Fabrício Carpinejar
Ninguém resiste a um sonhei com você.
“Sonhei com você” cria uma cumplicidade imediata, uma afinidade súbita. Mudamos o nosso olhar para a conversa e para o interlocutor.
Pode ser trova, pode ser chantagem emocional, mas é um recurso sedutor infalível.
No início da relação ou quando se é apenas amigo, o sonho é uma cantada que desperta a curiosidade.
Você procurará saber o que foi e o que estava fazendo no sonho de outra pessoa.
Mesmo os mais inteligentes e maduros, os mais céticos e descrentes, sucumbem à estratégia.
É um sinal claro de interesse e de disposição para começar algo, já que o inconsciente criou uma memória em comum, uma memória a dois.
Os homens, tarados por sua natureza, imaginam que são sonhos eróticos e crescem seu apelo pelo relato.

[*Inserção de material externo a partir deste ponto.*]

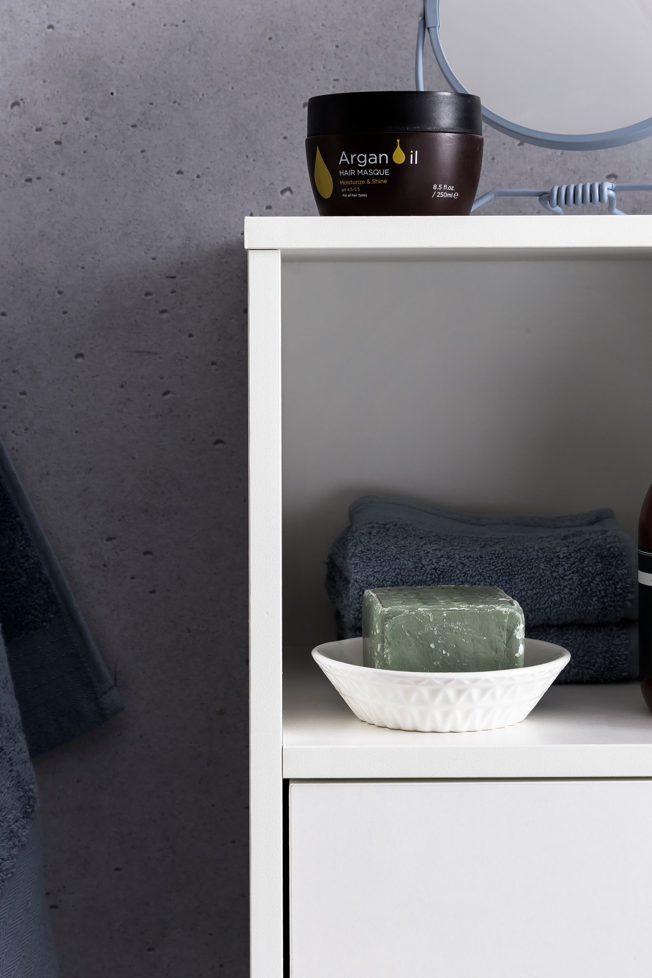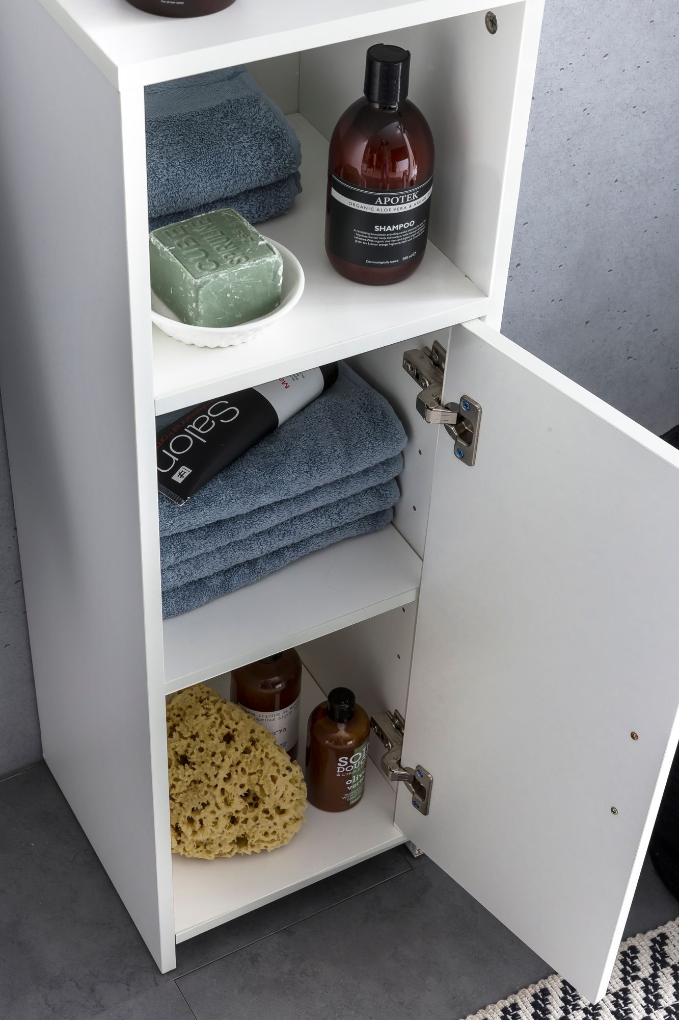 Este armario de baño blanco de madera presenta un diseño moderno y atemporal ideal para espacios pequeños. Incluye una puerta y un compartimento estante para opciones de almacenamiento versátiles.
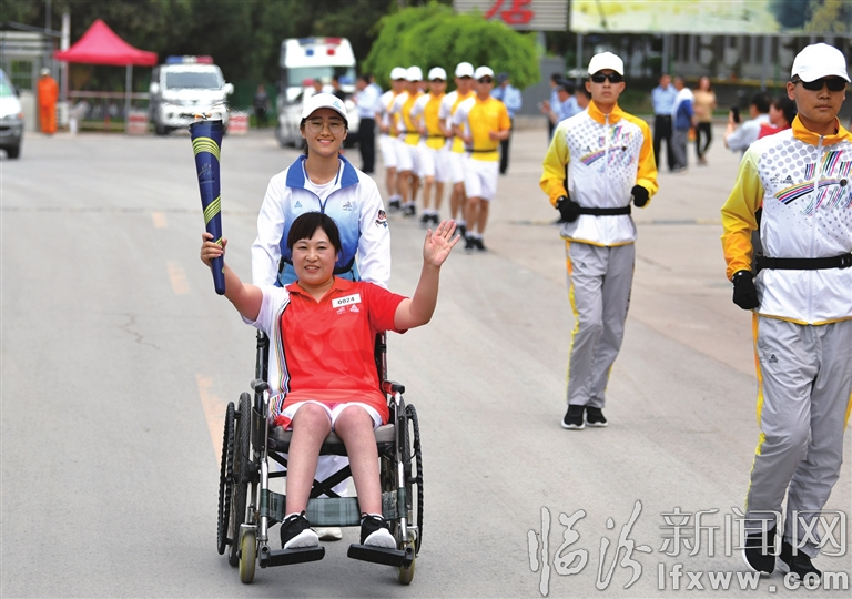 臨汾新聞網訊 5月16日,二青會火炬在吉縣、大寧傳遞。圖為來自吉縣氣象局殘疾人火炬手葛麗娟在壺口瀑布景區傳遞火炬。
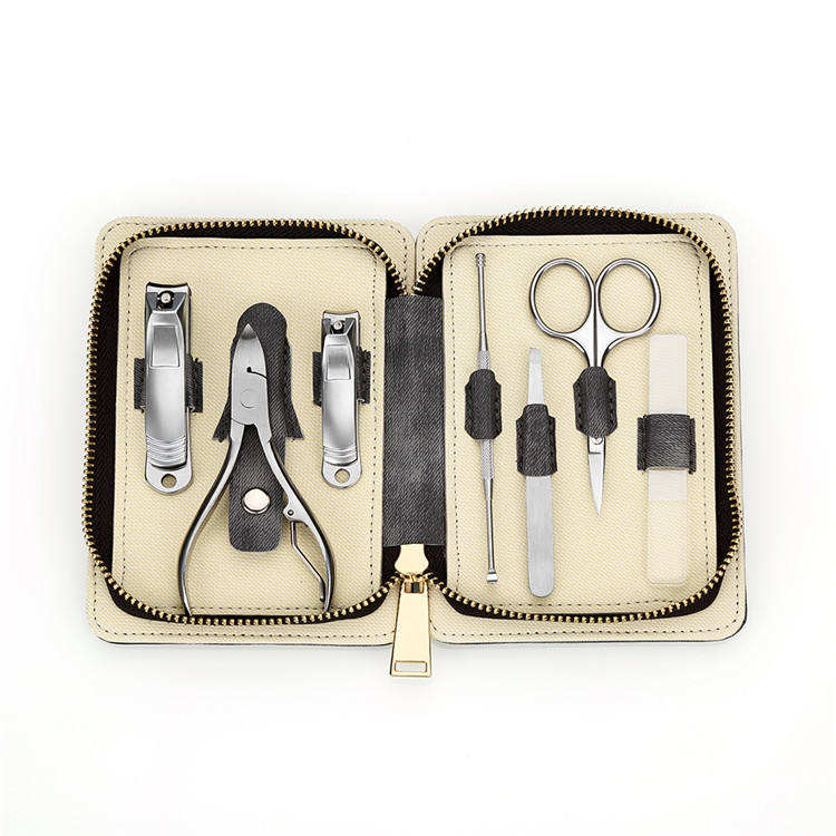 7pcs Stainless Steel Professional Manicure & Pedicure Tool Set With Zipper Leather Case
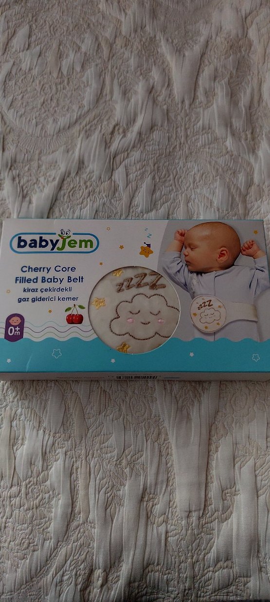 BabyJem kiraz çekirdekli, gaz giderici bebek kemeri. Beyaz, işlemeli ve yumuşak kumaştan üretilmiştir. 0+ ay bebekler için uygundur. Hiç kullanılmamıştir. #bebek#gazgiderici#bebek kemeri#
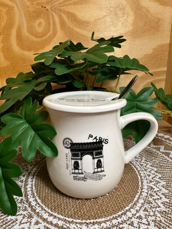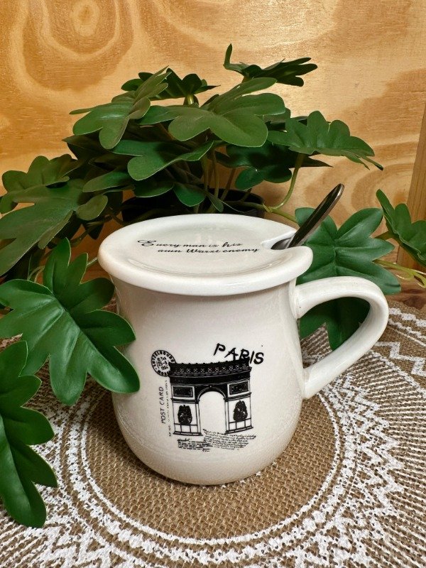 Taza con tapa y cuchara
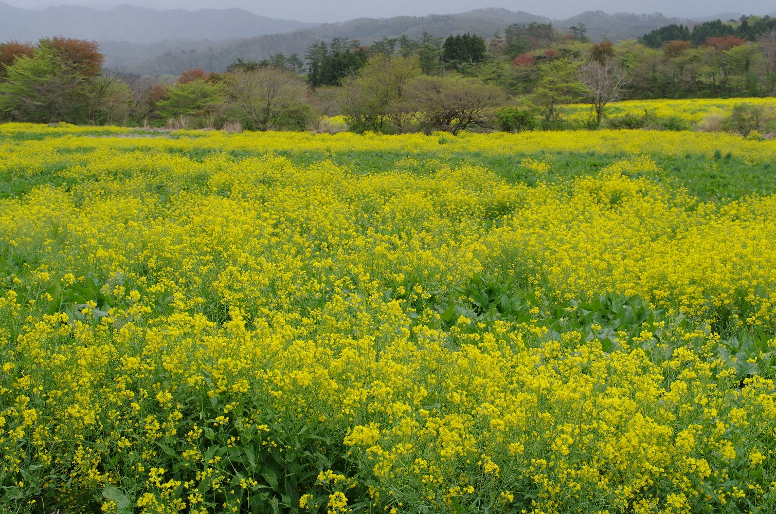 | 菜の花畑広がる春の山麓。 | ||||||||||||||||||||||
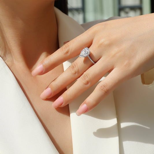 Pear Cut 4。5 Carat Moissanite Engagement Ring for Women – 38 Side Stones, Sterling Silver with 18K White Gold Plating, D Color VVS1 Clarity
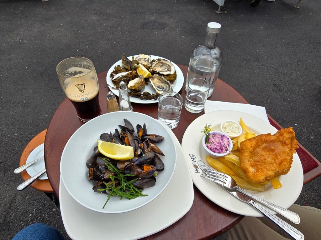 A short distance north of Dunguaire Castle is Moran’s Oyster Cottage, where we stopped for lunch. Also located on the shores of Galway Bay, we went there because it had a reputation for excellent oysters. Along with my first pint of alcohol-free Guinness (quite good), the oysters were excellent. There were large and full of flavour, and deserved their positive reputation. The fish and chips were also good. However, the mussels were very small and a number of them remained closed and couldn’t be eaten, making them a disappointment. But we highly recommend the oysters!

Não se dá muita chance quando alguém diz que pensou em você, mas quando diz que sonhou com você muda de figura e ganha toda a nossa atenção. O interrogatório do que aconteceu na mente alheia é inevitável.
Adere-se ao território das verdades secretas, aos símbolos do divã, à esfera mística das casualidades inexplicáveis.

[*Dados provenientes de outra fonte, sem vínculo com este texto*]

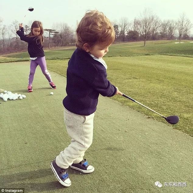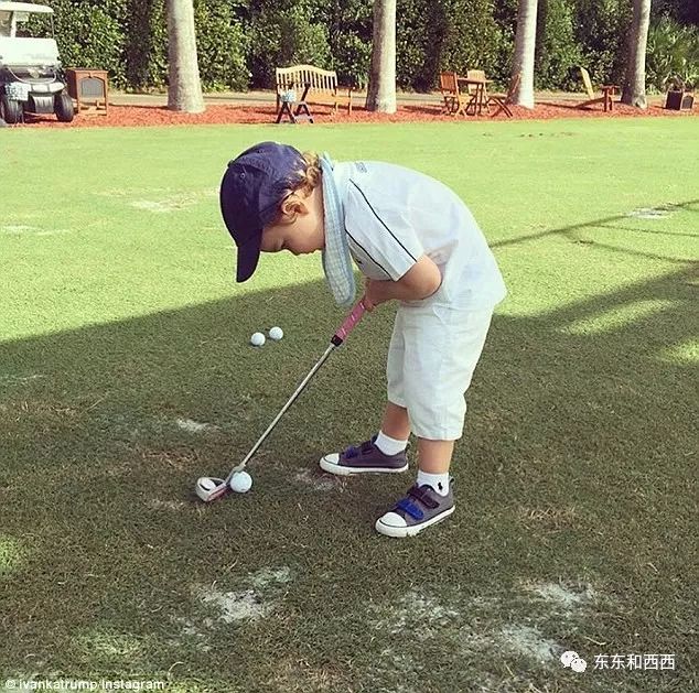 有钱人除了学音乐,体育是必选项。特朗普最爱高尔夫,小的们路还没站稳就开始挥拍了。
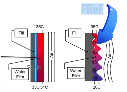 Los programas tradicionales de tratamiento del agua tienen limitaciones en cuanto a la prevención de incrustaciones, contenido de cloruros y conductividad, al aplicar la tecnología FReE y proporcionar este tratamiento adicional al agua, se nos permite superar los límites en cuanto a calcio, magnesio, alcalinidad, contenido de cloruros, pH y conductividad, esto se consigue complementando el tratamiento regular con el refuerzo de agentes dispersantes y sustancias formadoras de película manteniendo las incrustaciones bajo control y proporcionando una protección adicional contra la corrosión.
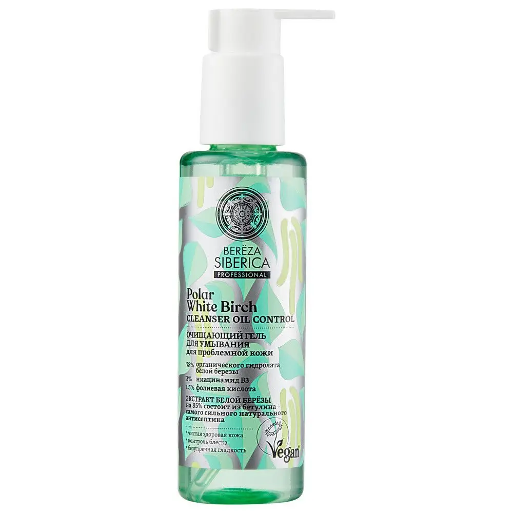 Очищающий гель для умывания бережно смывает загрязнения и излишний себум, обеспечивая контроль блеска, успокаивая, увлажняя и делая кожу чистой и свежей. Белая полярная береза содержит в несколько раз больше бетулина, чем береза, растущая в средних широтах. А высокие концентрации витаминов B2 и B5 оказывают сильное успокаивающее действие, препятствуют потере влаги, осветляют несовершенства и выравнивают тон кожи. БЕТУЛИН известен своим мощным противовоспалительным действием, он эффективно успокаивает раздражения, сужает расширенные поры, препятствует возникновению акне и усиливает иммунные свойства кожи, одновременно увлажняя и поддерживая здоровый баланс. Фолиевая кислота – оказывает антибактериальное действие, нормализует работу сальных желез, восстанавливает уровень влаги в клетках, разглаживая рельеф кожи. Ниацинамид В3 – улучшает обменные процессы в коже, эффективно стирает следы постакне, выравнивая тон.

Como contestar um sonho? Não tem como desmentir.
Nem criamos oposição. Queremos, no fundo, sermos sonhados, sermos conduzidos, receber sinais de anjos e de cupidos.
Na paixão, somos supersticiosos, somos místicos. Não marcamos encontros, abrimos cartas de tarô na alma.
Procuramos uma união que seja maior do que nossa força, que seja uma fatalidade, um destino agendado de vidas passadas.
Trata-se de uma facilidade sentimental, para não precisar justificar nossa escolha diante dos amigos e parentes. Pois foi o destino que definiu, não a gente, acabamos nos isentando de nossos gostos e predileções.
Se o sonho serve para estabelecer proximidade, o pesadelo é o elo para recuperar os laços.
Durante a separação, no momento em que perdeu o contato com o ex e a ex e não conta com pretexto para retomar o diálogo, o pesadelo vem como panaceia da saudade.
Do nada, pode mandar uma mensagem que sempre produzirá estrago: “Tive um pesadelo com você. Está bem?”
É óbvio que ganhará resposta. Pelo medo do castigo, da macumba e da maldição, e também porque não há como deixar uma preocupação sobre a saúde no vácuo.
Não perceberá que ela e ele procuram somente notícias de sua condição, é uma pescaria aleatória, com a meta de descobrir qual é o seu estágio de sofrimento.
O objetivo é de menos. O pressentimento, ainda que ruim, demonstra falta e indica uma forte ligação espiritual. Várias reconciliações se deram por um pesadelo falso ou verdadeiro. Não há como se indispor, ainda que a briga tenha sido épica e a ruptura justa.
O pesadelo é o habeas corpus do amor.